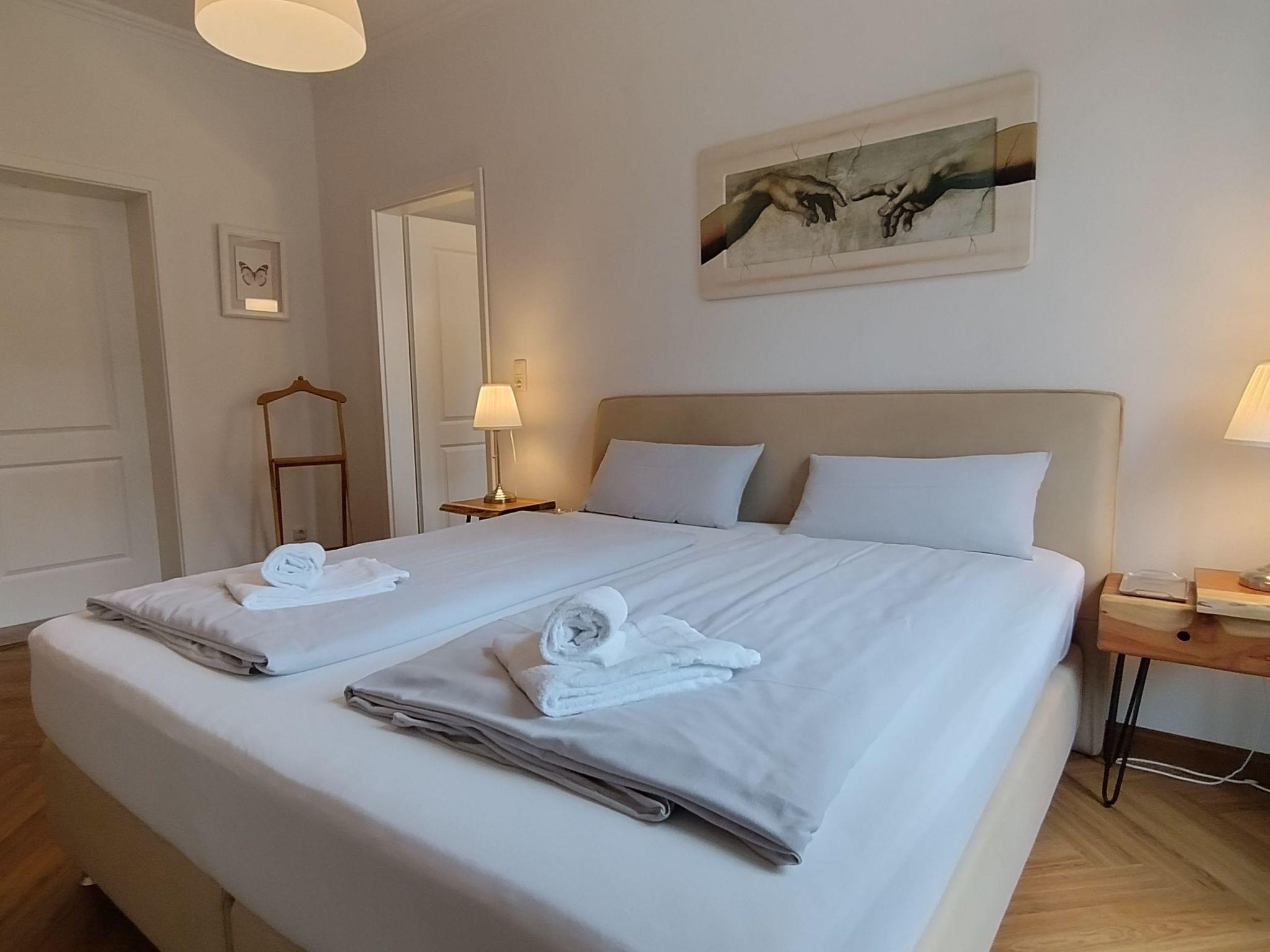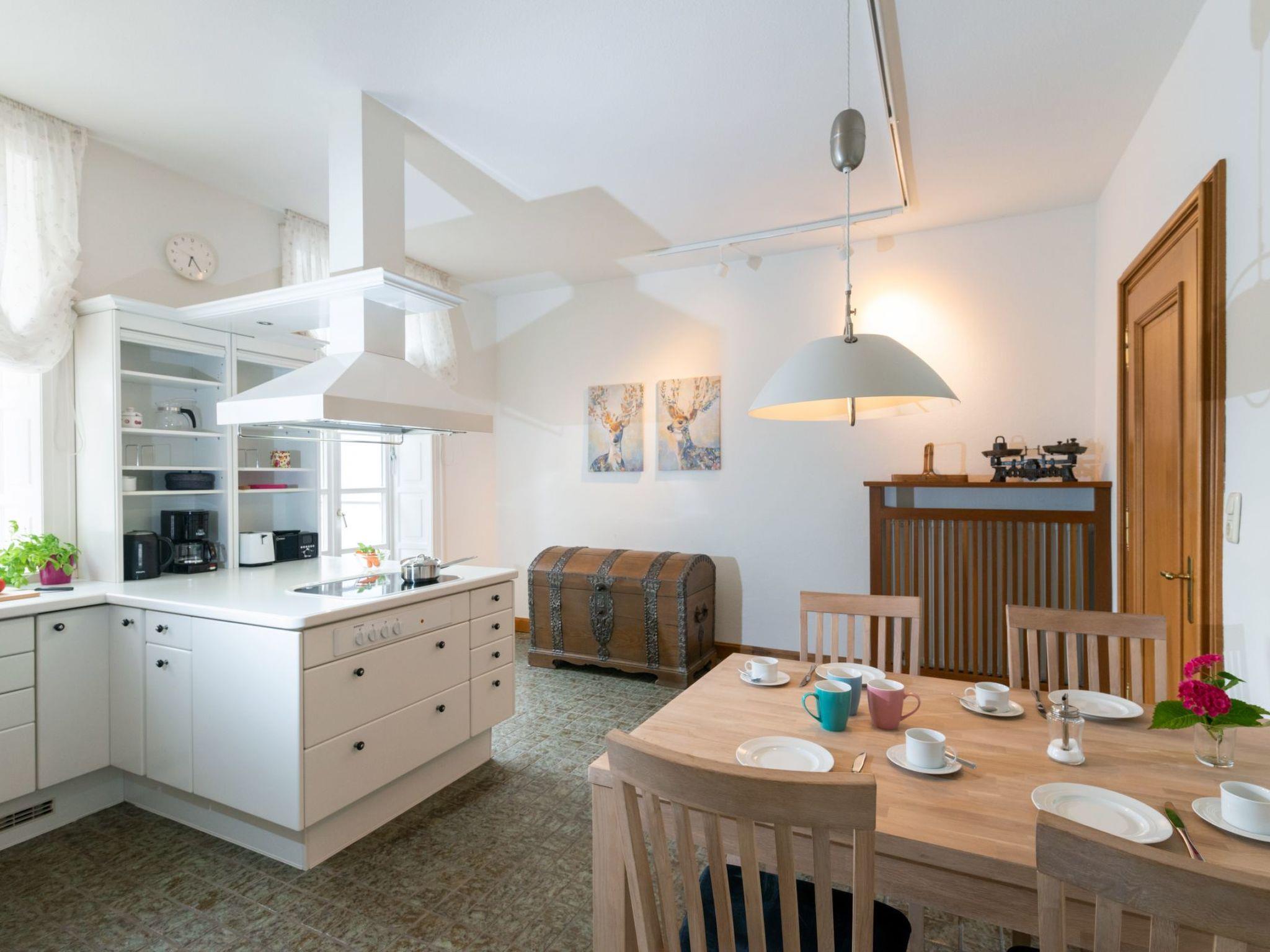 The flat offers everything you need for a comfortable stay. With a well-equipped kitchen featuring a ceramic hob, filter coffee machine, kettle and dishwasher, you can feel right at home and cook as you please. A washing machine for communal use is also available in the building, which is particularly practical for longer stays.
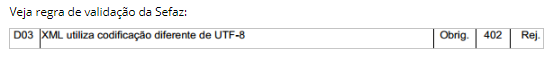 Quando for emitida um NFC-e e a codificação de dados do(s) campo(s) for diferente de UTF-8, será retornado a rejeição "402 - XML da área de dados com codificação diferente de UTF-8". Em outras palavras, quando no XML, houver caracteres que não estão inclusos no conjunto de caracteres da codificação UTF-8, será retornado rejeição. Esses casos normalmente estão associados a letras acentuadas.
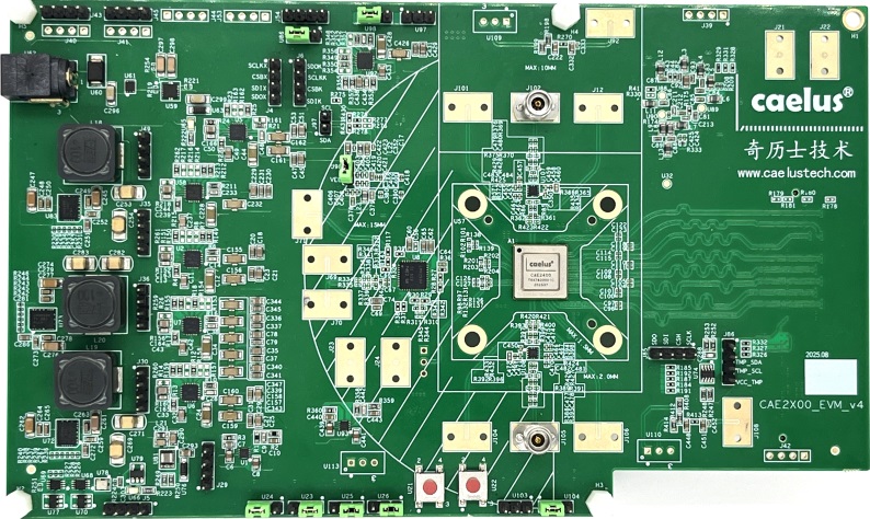 CAE2X00 EVM用于评估CAE2X00高速ADC,该评估板通过FMC+连接至FPGA开发板(AXKU5),配合专用上位机软件,实现快速的芯片性能评估和设计参考。
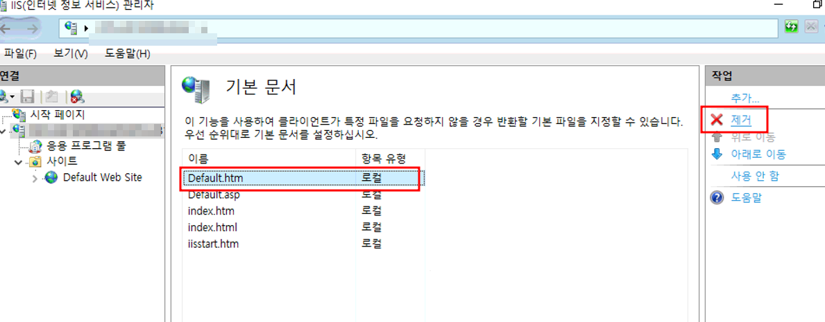 기본 문서 항목에 Default.htm, Default.asp, index.htm, index.html, iisstart.htm파일을 선택 후 작업메뉴에 제거버튼을 눌러 삭제합니다. 이제 기본 사이트 접속을 하여도 기본페이지가 나타나지 않습니다.
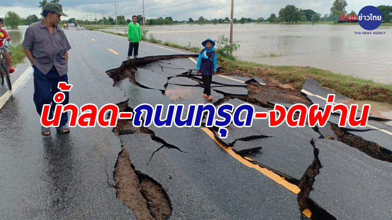 มหาสารคามน้ำลดแล้ว ทิ้งความเสียหายถนนทรุด-งดผ่าน
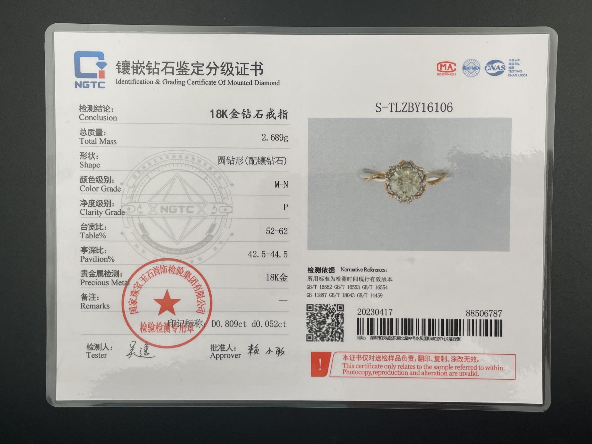 主钻80.9分MN色P净度圆形钻 特价2W国检NGTC808606
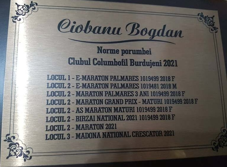 His achievements in competitions reflect a professional and consistent vision. Over the years, the breeder from Siminicea has achieved multiple Top 10 National rankings in the Marathon and Long-Distance categories, won 1st place in Suceava County in races ranging from 800 to 1000 km, and recorded remarkable results in challenging international races held in Ukraine and Poland (for example, Krasnodon). His constant participation in the Burdujeni–Suceava Championship, one of the most competitive areas in the country, confirms the consistency and value of his flying line.
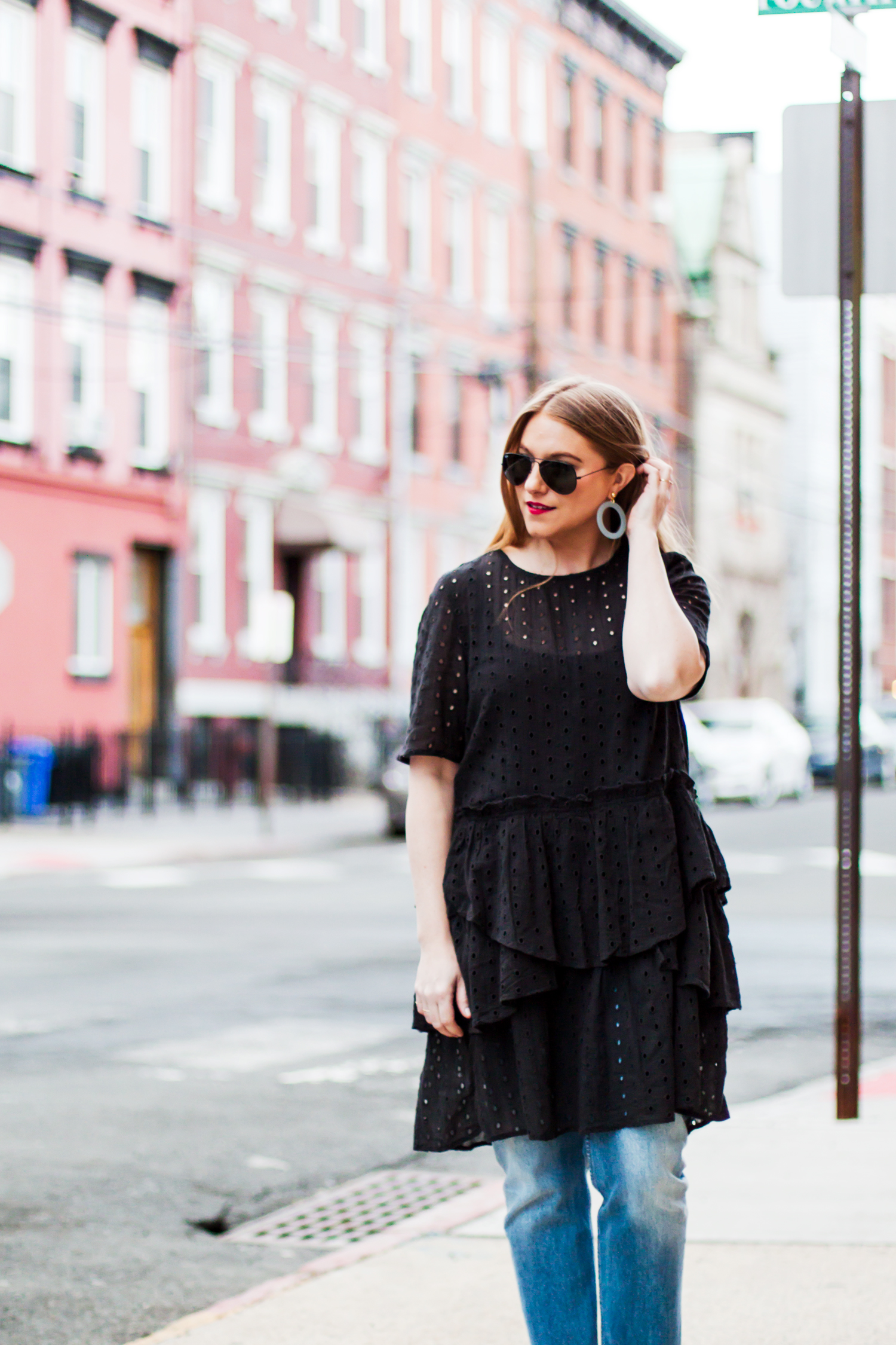I’ve been really into the idea of dresses over pants for some time now, but I’ve been reluctant to really dive in. Part of this has to do with the fact that I’ve been much more likely to reach for flats instead of heels lately, and you generally need that elongated effect a heel gives to somewhat successfully pull it off. This weekend we had a birthday party to go to though, and I wanted to be comfortable and have a little fun with my style so it seemed like the perfect occasion to give it a go.
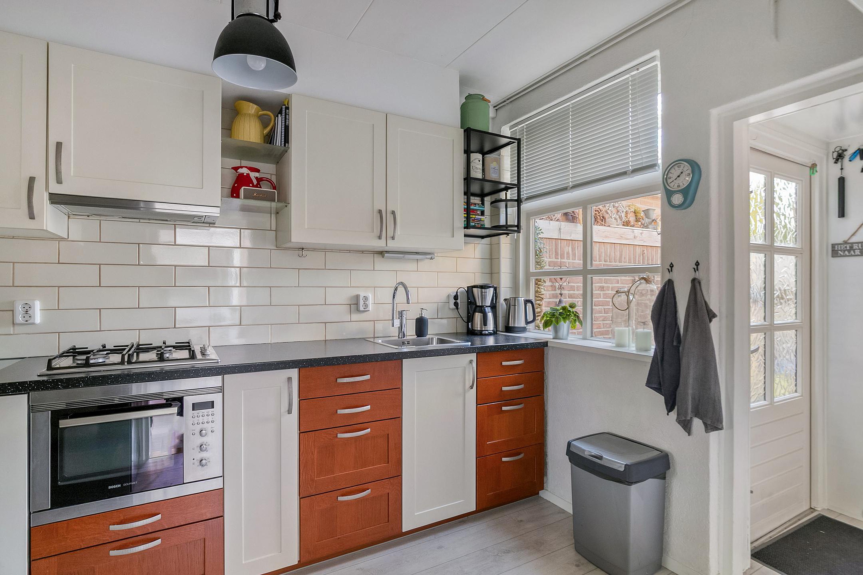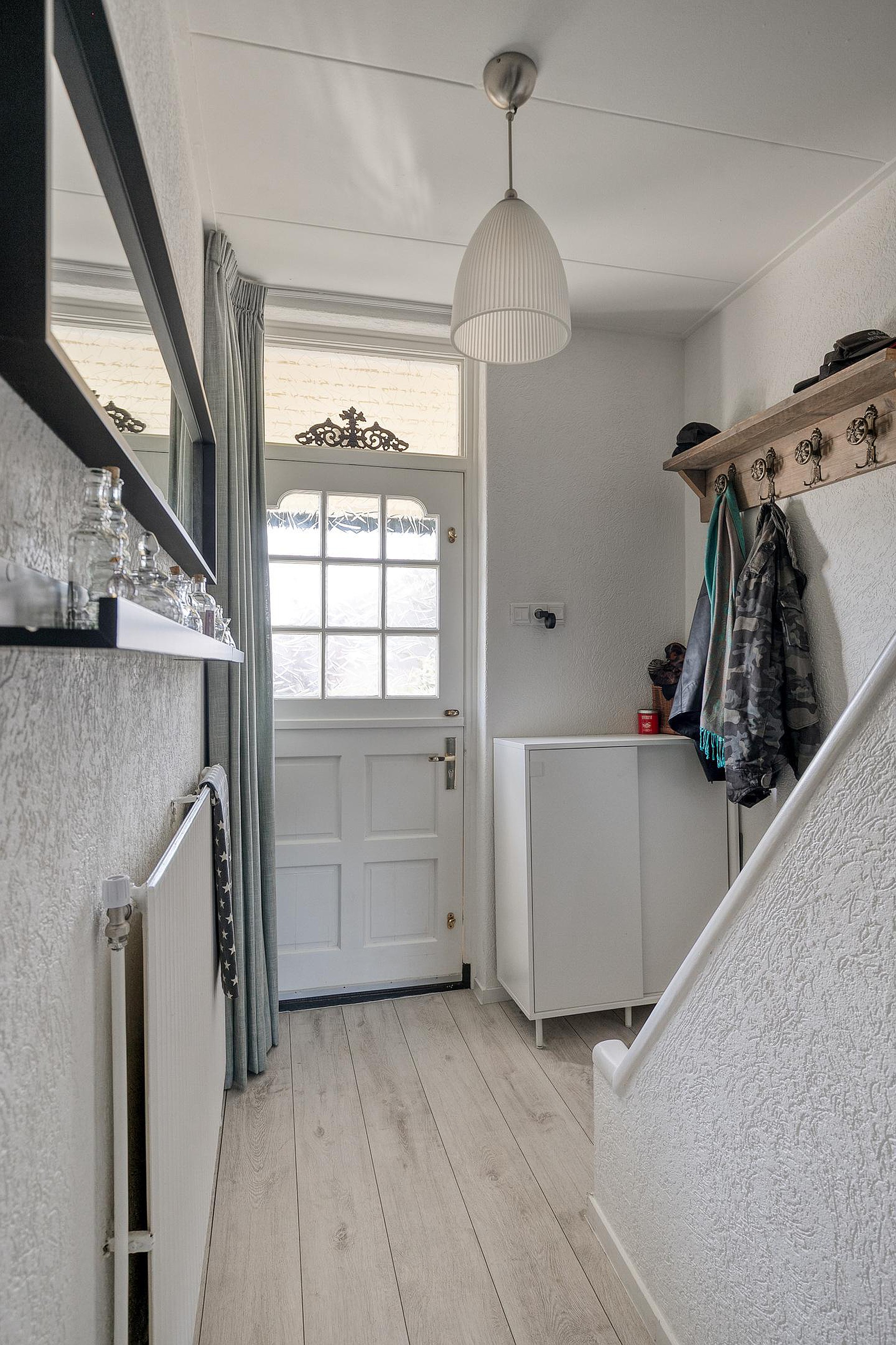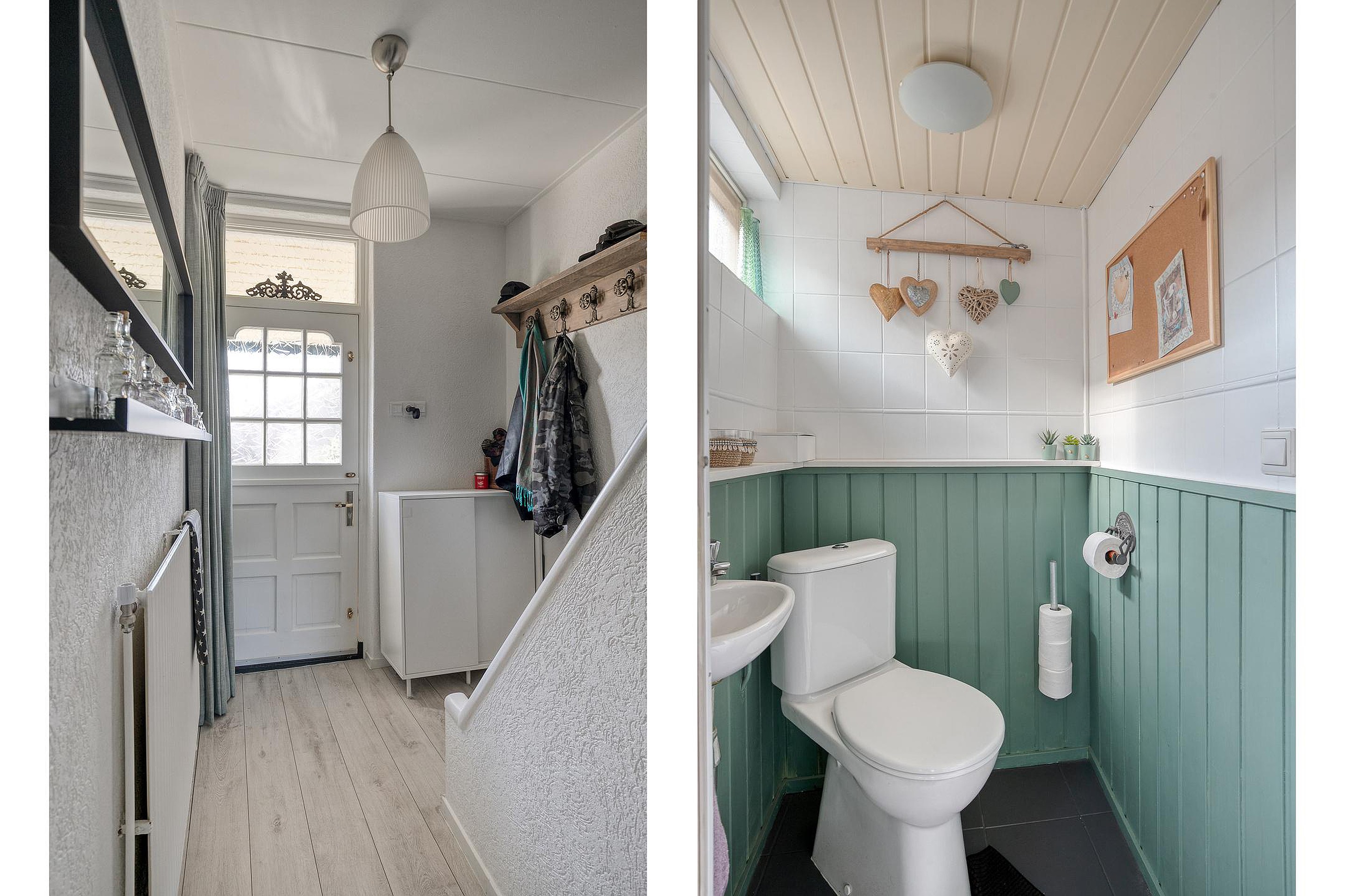 Vanuit een tussenhal achter de keuken zijn het toilet, de badkamer (2025) en deur naar de achtertuin bereikbaar.
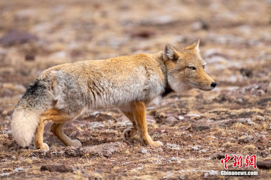 圖為5月3日,記者在西藏班戈縣偶遇藏狐,因表情奇特,藏狐被網(wǎng)友戲稱為行走的“表情包”。江飛波 攝

________________________________________

WHAT IS REQUIRED
Transcribe the listing exactly, skipping pictures.

ANSWER TO THE PROBLEM
 The flat offers everything you need for a comfortable stay. With a well-equipped kitchen featuring a ceramic hob, filter coffee machine, kettle and dishwasher, you can feel right at home and cook as you please. A washing machine for communal use is also available in the building, which is particularly practical for longer stays.
 Quando for emitida um NFC-e e a codificação de dados do(s) campo(s) for diferente de UTF-8, será retornado a rejeição "402 - XML da área de dados com codificação diferente de UTF-8". Em outras palavras, quando no XML, houver caracteres que não estão inclusos no conjunto de caracteres da codificação UTF-8, será retornado rejeição. Esses casos normalmente estão associados a letras acentuadas.
 CAE2X00 EVM用于评估CAE2X00高速ADC,该评估板通过FMC+连接至FPGA开发板(AXKU5),配合专用上位机软件,实现快速的芯片性能评估和设计参考。
 기본 문서 항목에 Default.htm, Default.asp, index.htm, index.html, iisstart.htm파일을 선택 후 작업메뉴에 제거버튼을 눌러 삭제합니다. 이제 기본 사이트 접속을 하여도 기본페이지가 나타나지 않습니다.
 มหาสารคามน้ำลดแล้ว ทิ้งความเสียหายถนนทรุด-งดผ่าน
 主钻80.9分MN色P净度圆形钻 特价2W国检NGTC808606
 His achievements in competitions reflect a professional and consistent vision. Over the years, the breeder from Siminicea has achieved multiple Top 10 National rankings in the Marathon and Long-Distance categories, won 1st place in Suceava County in races ranging from 800 to 1000 km, and recorded remarkable results in challenging international races held in Ukraine and Poland (for example, Krasnodon). His constant participation in the Burdujeni–Suceava Championship, one of the most competitive areas in the country, confirms the consistency and value of his flying line.
I’ve been really into the idea of dresses over pants for some time now, but I’ve been reluctant to really dive in. Part of this has to do with the fact that I’ve been much more likely to reach for flats instead of heels lately, and you generally need that elongated effect a heel gives to somewhat successfully pull it off. This weekend we had a birthday party to go to though, and I wanted to be comfortable and have a little fun with my style so it seemed like the perfect occasion to give it a go.
 Vanuit een tussenhal achter de keuken zijn het toilet, de badkamer (2025) en deur naar de achtertuin bereikbaar.
 圖為5月3日,記者在西藏班戈縣偶遇藏狐,因表情奇特,藏狐被網(wǎng)友戲稱為行走的“表情包”。江飛波 攝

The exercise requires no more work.